Terminal Velocity of a Car When explaining how a car reaches its terminal velocity, is it solely down to how aerodynamic the car is? My thoughts are that if you have a fixed mass $m$, then the contact frictional force will be constant,$ F=\mu{R}$, and because the thrust due to the engine will be much greater than this value, then surely only air resistance will increase the total value of drag? And this is why as the speed increase the acceleration begins to tend to 0 as Drag ∝$v^2$.
 A: It is just a simplification to say that total drag is $\propto v^2$ and to ignore all other forms of friction. This applies because the power to overcome aerodynamic drag is $\gg$ power loss on the drivetrain and rolling resistance. If you included all the other terms the final speed will decrease only very slightly. 
So a simplified model of acceleration (as a function of speed $v$) is
$$ a = \frac{P(v)}{m v} - \beta v^2 $$
Where $P(v)$ is the engine power at speed $v$, $m$ is the mass and $\beta$ is some drag constant.
Top speed occurs when $a=0$ and hence $$v_{top} \approx \sqrt[3]{ \frac{P_{max}}{m \beta} } $$
This applies only the the car is drag limits (and not gear limited) and that it is designed with getting peak power at the rpm corresponding to top speed. Some cars with 6 speeds, may only achieve top speed in 5th gear, and 6th gear is just an "overdrive".
A: The car reaches terminal velocity when power in = power out. The power that an engine can deliver depends on the gear ratio and the rpm.
The car has several sources of power dissipation - rolling friction and air drag are the two most important ones.
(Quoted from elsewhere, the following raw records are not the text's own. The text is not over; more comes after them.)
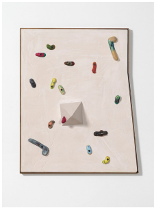
Andra Ursuta Untitled (fragment from "Alps") , 2016 Aqua resin, urethane, and hardware in artist's frame 46 1/2 x 35 1/2 x 3 inches (118 cm x 90 x 8 cm)
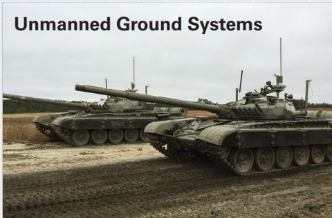
Unmanned Ground Systems
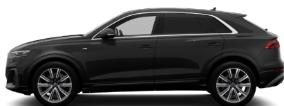
Mythos Black Metallic 0E0E €2,024
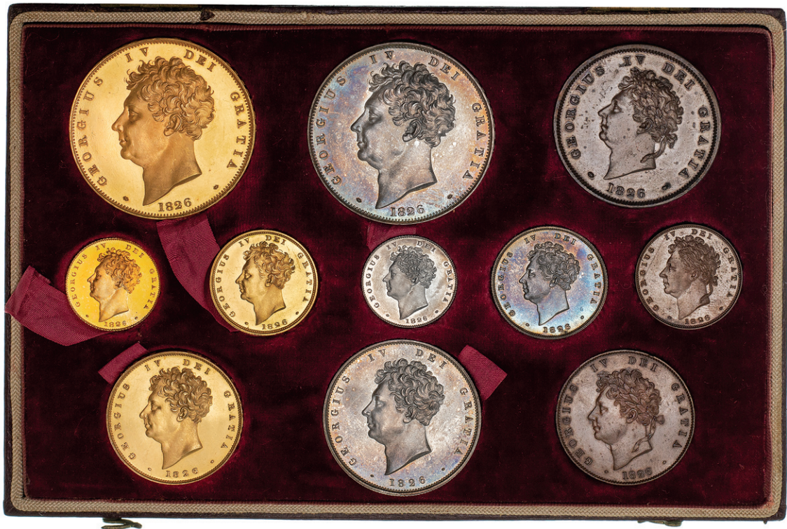
1826 proof set
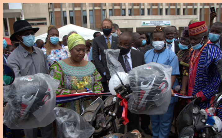
Vice President of Liberia, Chief Dr. Jewel Howard-Taylor officially launched the national anti-SGBV call centre and handed over motorbikes and other vehicles to the anti-SGBV taskforce at the Ministerial Complex in Congo Town, Monrovia, Liberia.

At the same meeting, the Ministry of Gender, Children and Social Protection also handed over motorbikes and other vehicles to the anti-SGBV taskforce to enable them to reach all parts of the country in discharging their duties.
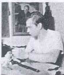
Center: Mug shot of the real Lee Harvey Oswald. Above: Gary Oldman as Oswald

his lines verbatim from transcripts and news footage.
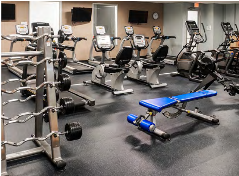
OFF-SITE FITNESS CENTERS
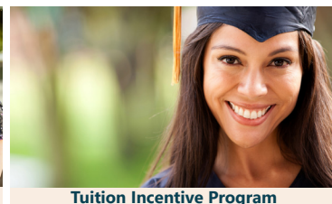
Tuition Incentive Program
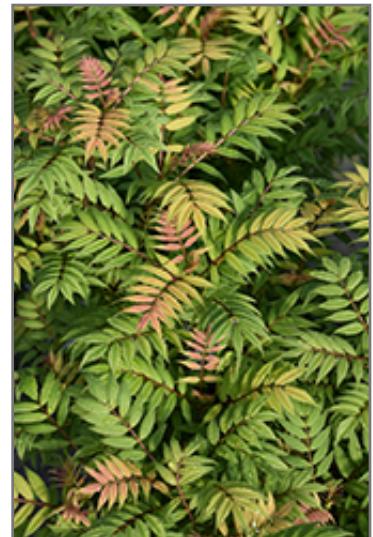
Mr. Mustard False Spirea foliage
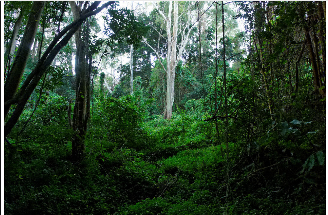
Centre of gully looking upslope from near west end of Transect 2
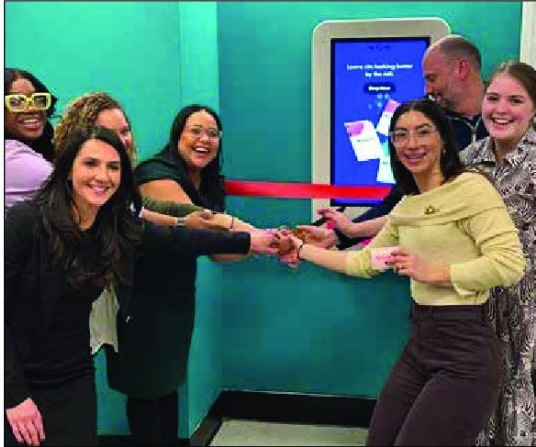
Ribbon-cutting ceremony commemorating the installation of the new S.O.S. vending machines at City Hall.
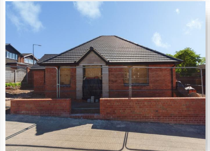
Knottsall Lane, Oldbury B68 9LG
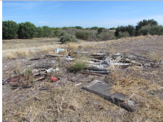
Looking northwest at garbage on landward slope.

The power these take is a function of velocity - so more power (but a smaller fraction) goes into rolling friction as the car goes faster.
Simple way of formulating this:
$$\begin{align}P_{engine}&=f(v,...)\\
F_{air}&=\frac12\rho v^2 A\cdot C_D\\
F_{roll}&=\mu_r F_n\\
P_{resistance}&=(F_{air}+F_{roll})v\end{align}$$
A: Answer is "it depends" (on speed).
Forces acting against engine force $F_e$ are:
Air friction: $ F_a = - \frac 1 2 \rho C_D A v^2$
Rolling friction: $ F_r = -m g \mu_{rr} $
Equation for terminal velocity (balance of forces):
$F_e - F_a - F_r = 0$
$F_e = F_a + F_r$
Expressing them in terms of power (P = F*v):
$P_e = F_a * v + F_r * v$
$P_e =  \frac 1 2 \rho C_D A v^3 + m g \mu_{rr} v$
If you plot separately the two factors, you can see that for speeds lower than $V_{threshold}$ the $m g \mu_{rr} v$  factor will prevail, hence at low speed the rolling friction prevails on air friction:

Y = Power [W]
X = Speed [m/s]

*

*mass = 1000 kg

*$\mu_{rr} = 0.01$

*$\rho = 1.225 kg/m3$

*$g = 9.81 \frac m{s^2}$

*Cd = 0.3

*$A = 2.2 m^2$
Link to interactive plot
This means that for low speed you can approximate calculations by neglecting air drag. But terminal velocity of a car is high, hence you cannot neglect it.
Calculating trend of speed in time is not a linear problem because it involves derivatives. Expressing the equation again in terms of force tather than power:
$F_e - F_a - F_w = m * \frac {dv}{dt}$
$\frac {P_e} v - \frac 1 2 \rho C_D A v^2 - m g \mu_{rr} = m * \frac {dv}{dt} $
$m  \frac {dv}{dt} = \frac {K_1} v +  K_2 v^2 + K_3$
I think the solution involves hyperbolic tangent ( tanh() ).